С каждой фразой Теофиль чувствовал себя бодрей, он дышал полной грудью, наслаждаясь тем, что с такой свободой управляет притихшим большим залом. И вдруг под потоком слов, который ровно и непрерывно лился из памяти, пробилась мысль о ничтожности этого мгновения. Назойливая, упорная, она становилась все явственней. Кто он такой? Школьник, повторяющий избитые фразы, которые вызубрил на память! Эта мысль трепыхалась где-то в крошечном участке мозга, распространяться ей было некуда – то и дело ее оттесняли, придавливали слова, которые, придя в движение, не могли, не должны были остановиться. И все же как сильна такая вот искорка, вспыхнувшая в мозговой клетке!
Ксендз Грозд не шевелился, будто заснул. Теофиль, раз-другой скользнув по нему взглядом, ощутил пронзительный укол ненависти. Ударить бы по этому спокойствию неожиданным словом, растоптать этот беспечный сон как червя! Но струя слов заливала вспышку ярости, и Теофиль отдавался их течению с невольным удовольствием.
Он говорил о культе трех гениев. Между банальностями, за которыe он не отвечал, так как они брались прямо из воздуха, из удивительной магнетической атмосферы тех лет, расцветавшей при каждом дуновении бело-красными полярными сполохами, между привычными и священными, как литургия, фразами, без которых нельзя было представить себе народный Праздник поминок,– в сочинении Теофиля попадались выражения глубоко прочувствованные, настолько свои, что казались неуклюжими. Их подсказала жажда веры, преклонения, обожания, которая мучила Теофиля с тех пор, как он очутился под опустевшим небом. Эти выражения радовали его и возбуждали. Он старайся их выделить собой интонацией и приходил в отчаяние, когда они проносились мимо, оставляя его среди пустыни пошлых фраз.
Нельзя безнаказанно говорить одно, а думать прямо противоположное, хотя бы твои мысли совершали эти скачки в ничтожные доли секунды. Один из таких скачков нарушил равновесие Теофиля. Случилось это в минуту наибольшей уверенности в себе, когда он, словно бы стоя посреди своего текста и с удивительной четкостью видя его весь целиком, разрешил себе поднять взор к новой мысли, которая, как ястреб, парила в вышине, готовая упасть камнем на намеченное место. О, дурманящая, упоительная минута! И вот какая фраза возникла в уме Теофиля – даже дух захватило: «Воспитанные в унылом идолопоклонстве, приученные преклонять колени и обнажать головы пред символами чуждыми нашей земле, когда же мы наконец установим религию, созвучную нашему сердцу, и преклоним чело пред святыней, которой уже и разум у нас не отнимет, и чувство наше не устыдится?»

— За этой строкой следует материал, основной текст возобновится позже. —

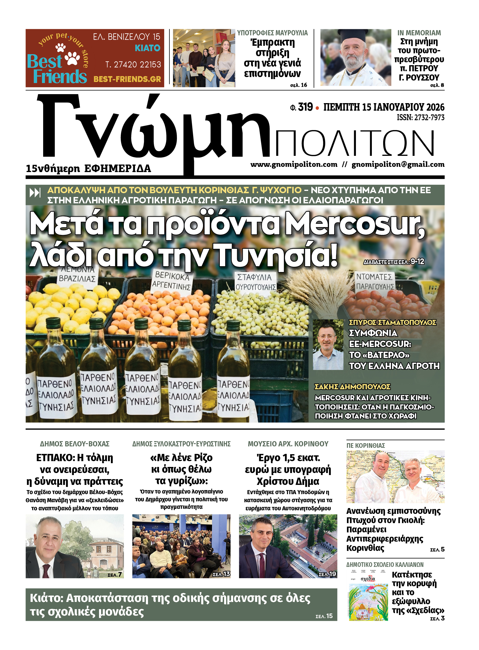 Η εφημερίδα «Ακρόπολις» αναφέρει ότι ρώτησε κατά σειρά τον δήμαρχο Ευρωστίνης κ. Μεντζελόπουλο αν είναι συγγενής του βουλευτή, για να πάρει καταφατική απάντηση και τον δήμαρχο Σικυώνος κ. Φραντζή για την παρακράτηση, το μέτρο που εφαρμόζεται για την υποστήριξη των σταφιδοπαραγωγών.
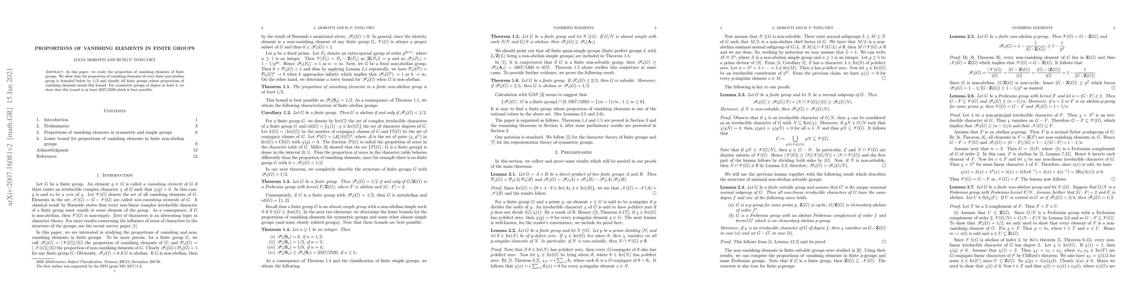 The research methodology involves studying the proportion of vanishing elements in finite groups, employing group theory, and character theory of finite groups, with a focus on non-abelian groups and symmetric groups of degree at least 5.
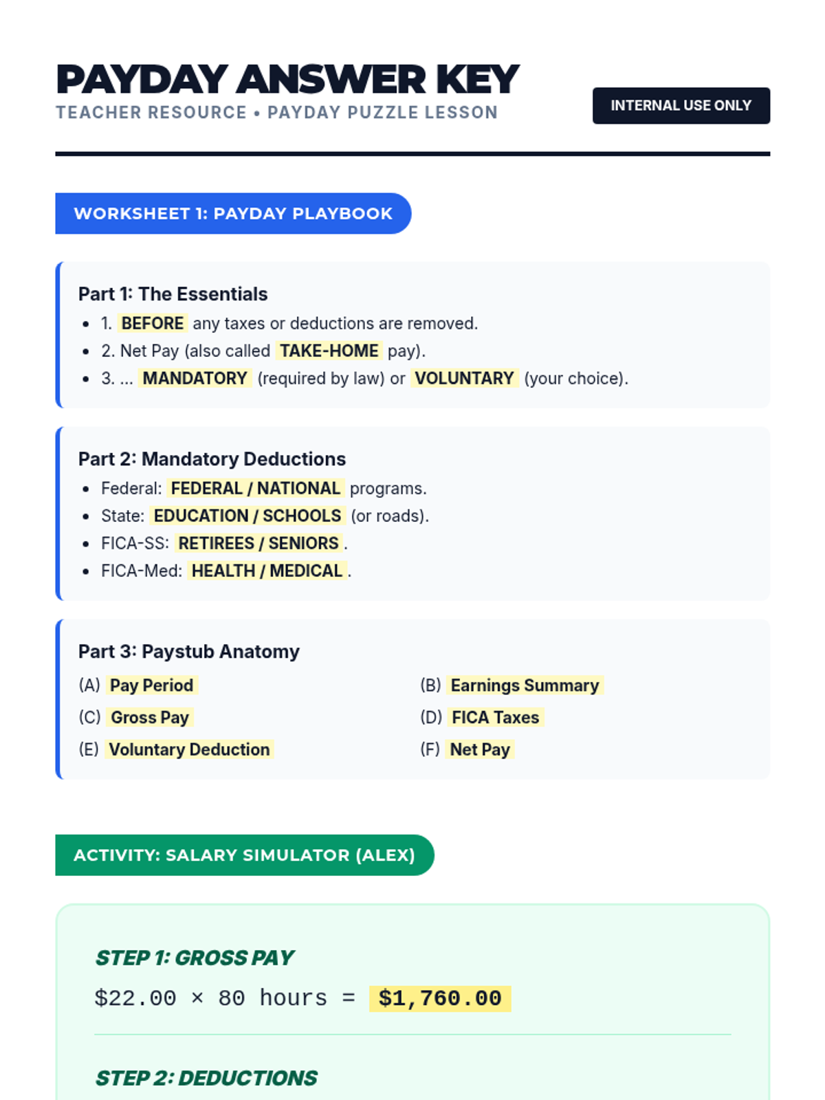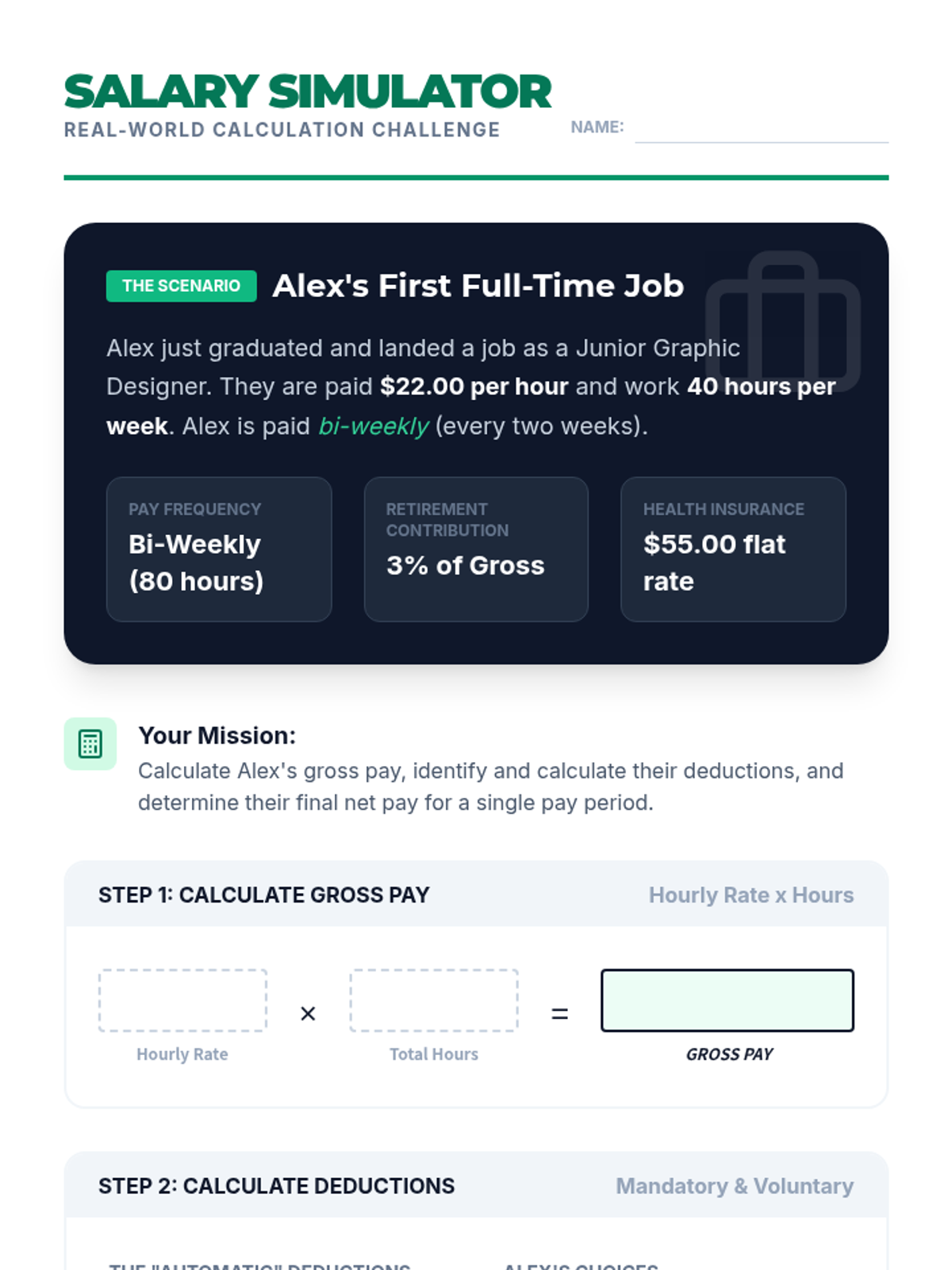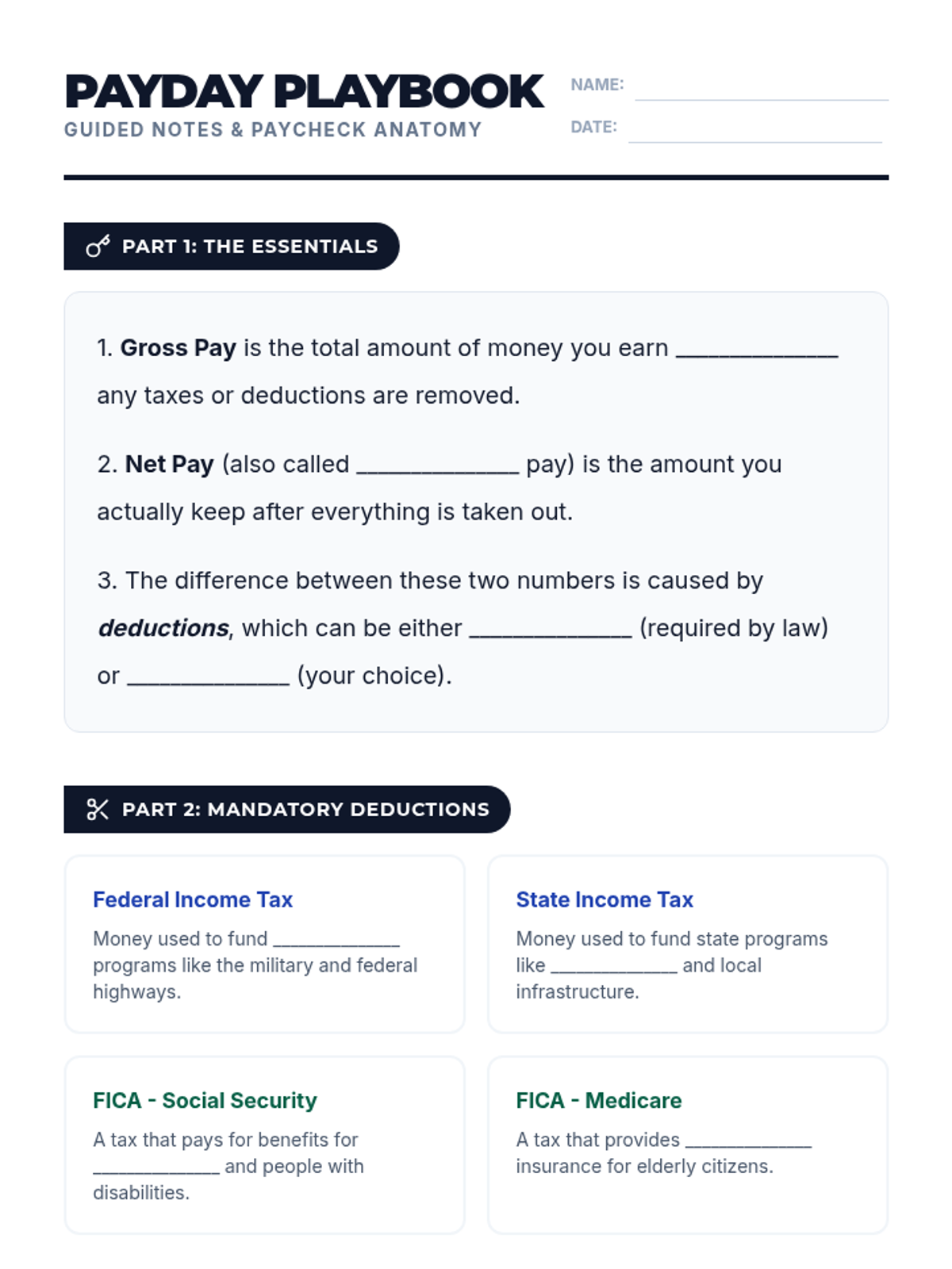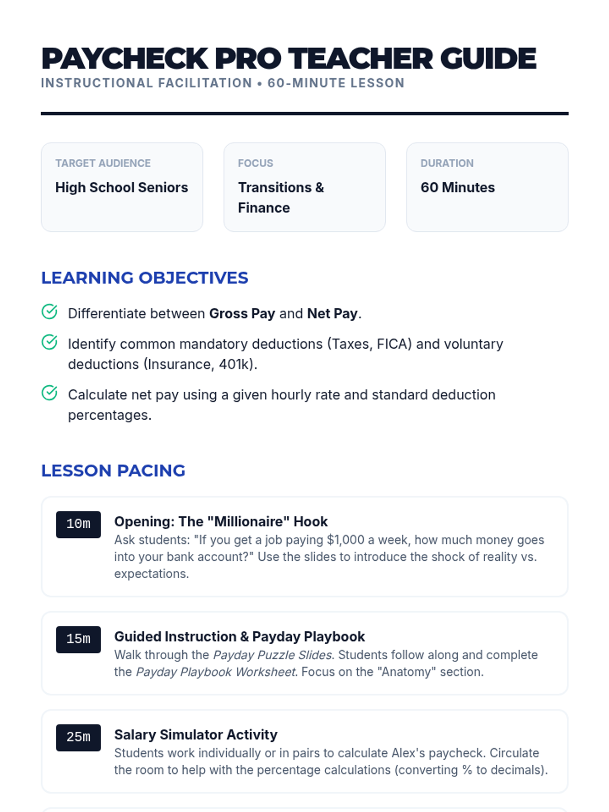A comprehensive lesson for high school seniors to master the difference between gross and net pay. Students explore paycheck components, calculate deductions, and practice reading real-world pay stubs through guided notes and an interactive simulation.
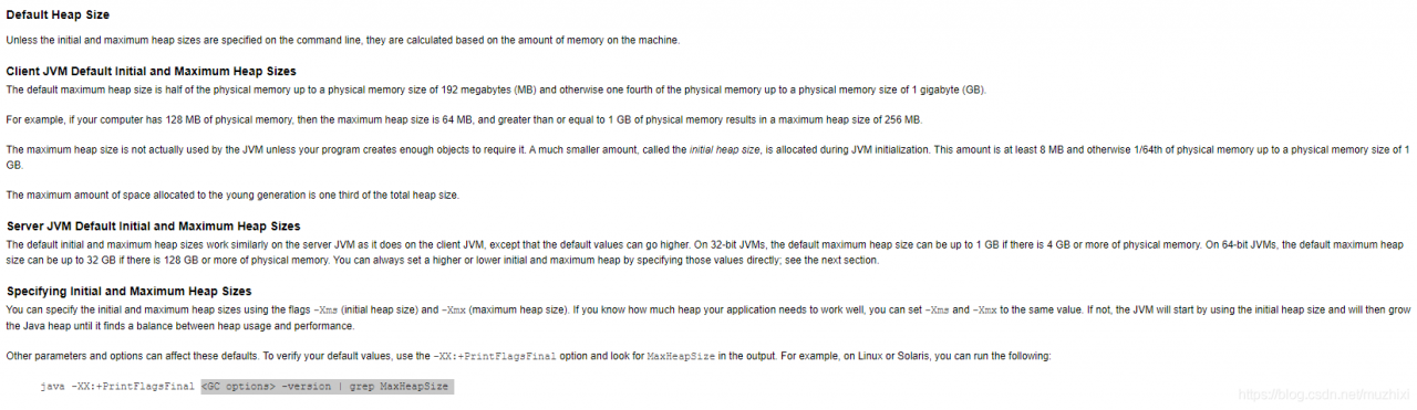 java -XX:+PrintFlagsFinal -version | grep HeapSize或者使用java代码:
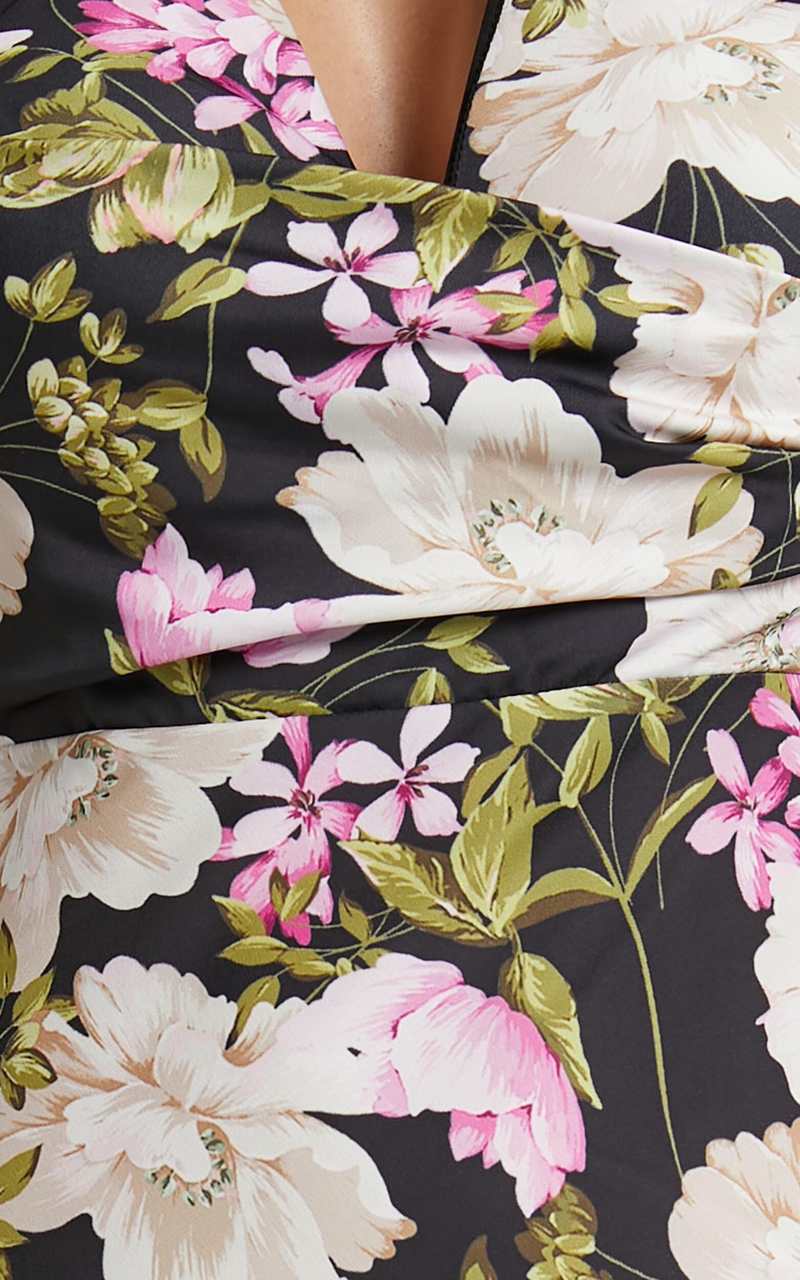 Elevate your evening ensemble with the Janise Maxi Dress in Midnight Floral. This stunning cocktail dress features a V-neck wrap top detail that flatters all body types, while the thigh split adds a touch of allure. The black floral print against the midnight backdrop exudes sophistication and elegance, making it perfect for any special occasion. Made from soft and breathable fabric, this sleeveless maxi dress ensures utmost comfort throughout the night. Whether you're attending a wedding or going out for drinks with friends, the Janise Maxi Dress is sure to turn heads and make you feel like absolute royalty.
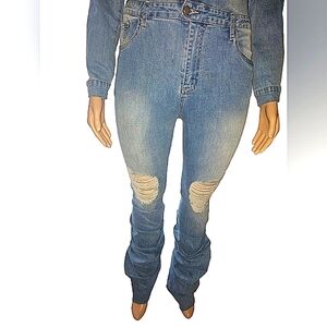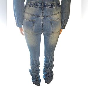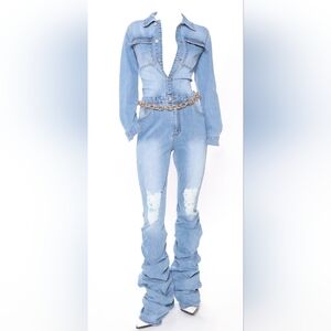 like new excellent condition, Megan The Stallion for Fashion Nova, tall, light wash denim, scrunch leg jumpsuit. L
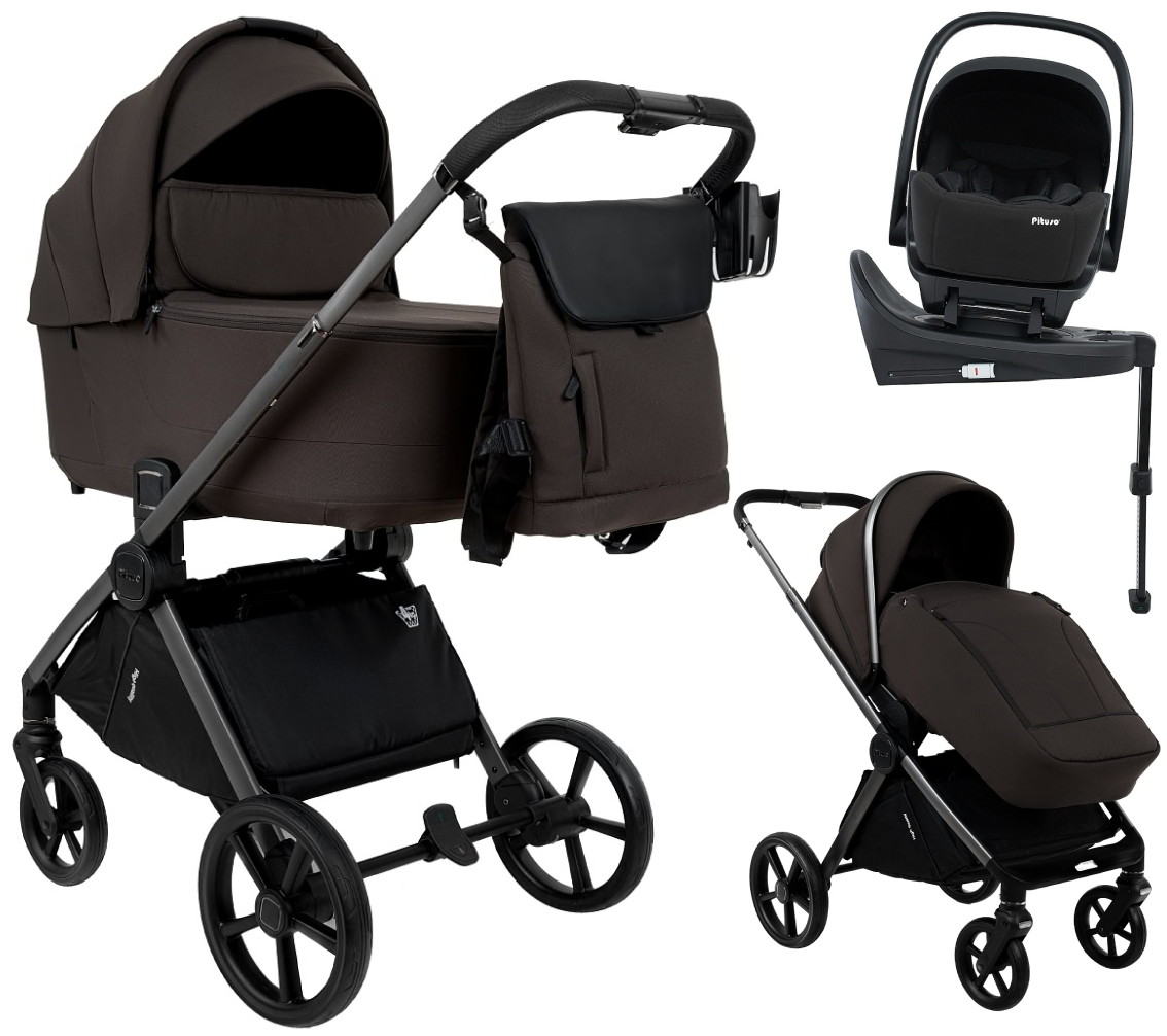 Детская коляска Pituso Teffy 4 в 1 с автокреслом Baesa Black с базой Turkish Coffee/Graphite
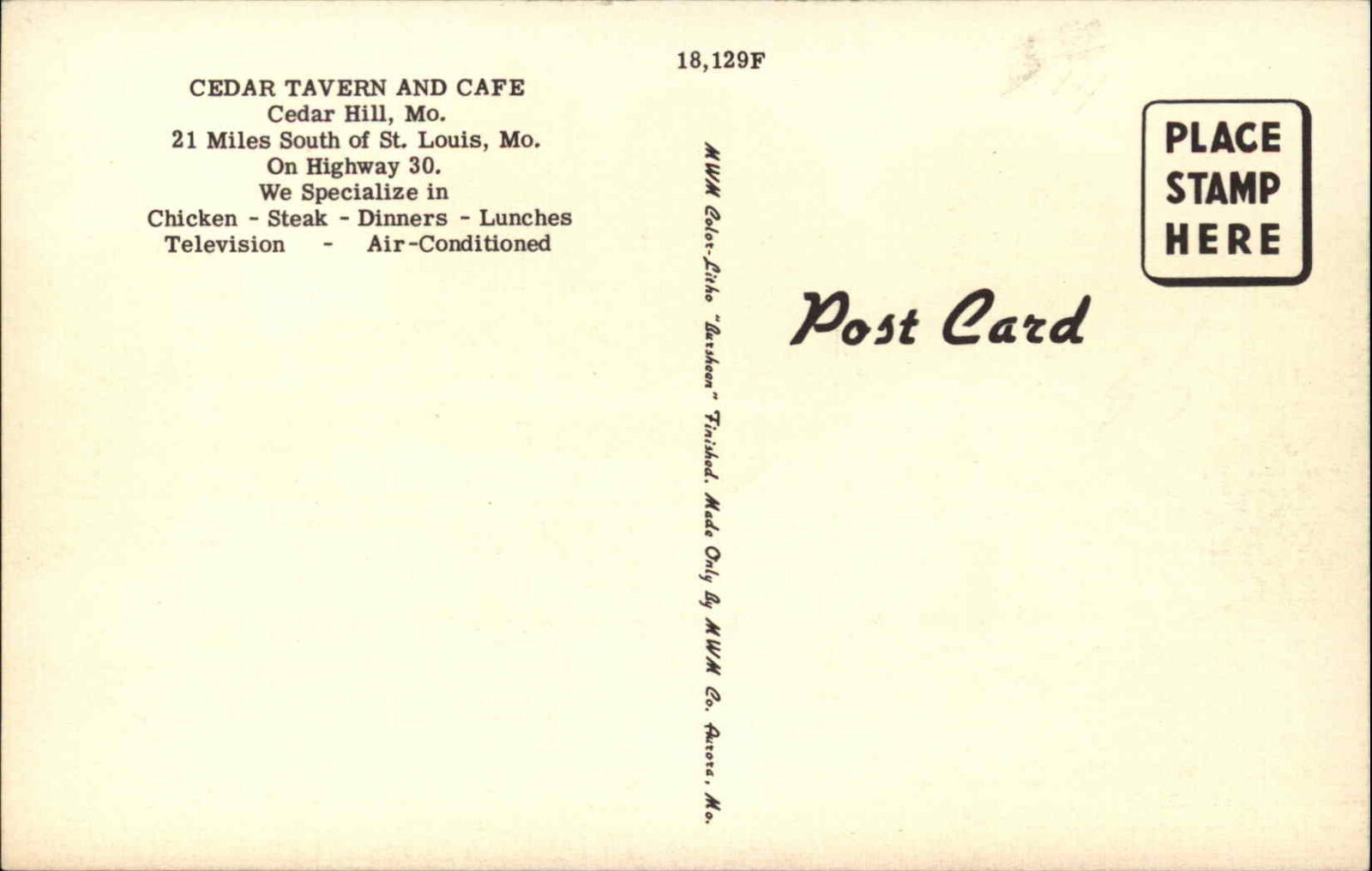Cedar Hill Missouri MO Cedar Taverns & Cafe Linen c1930s-40s Postcard

Теофиль издали видел два предложения, меж которыми надо было вставить это третье, только что родившееся, вибрирующее, как готовая взорваться бомба. И вдруг он очутился в густом тумане, память соскочила с рельсов, в голове раздался беспорядочный грохот, в котором перепутавшиеся слова превращались в какое-то месиво. Это продолжалось несколько секунд. Теофиль судорожно ухватился за край столика, его легкие сжались, не смея набрать воздух. Отчаянным усилием воли он приказал себе успокоиться, еще секунду его кидало то в жар, то в холод, и наконец эта вечность адова миновала. Перед мысленным взором появилась страница, исписанная крупным, красивым почерком. Теофиль поспешно и жадно схватил ее.
В зале были восхищены. Внезапную паузу, озадачившую многих (даже ксендз Грозд открыл глаза), истолковали как прием – все были убеждены, что оратор хотел этим кратким молчанием придать значительность последующему. Теофиль заметил в глазах матери слезы; вице-председатель Школьного совета наклонился к его отцу и что-то шепнул; отец с улыбкой кивнул головой. Один лишь Роек тревожно вертелся на месте и дергал свои усы, словно о чем-то догадывался.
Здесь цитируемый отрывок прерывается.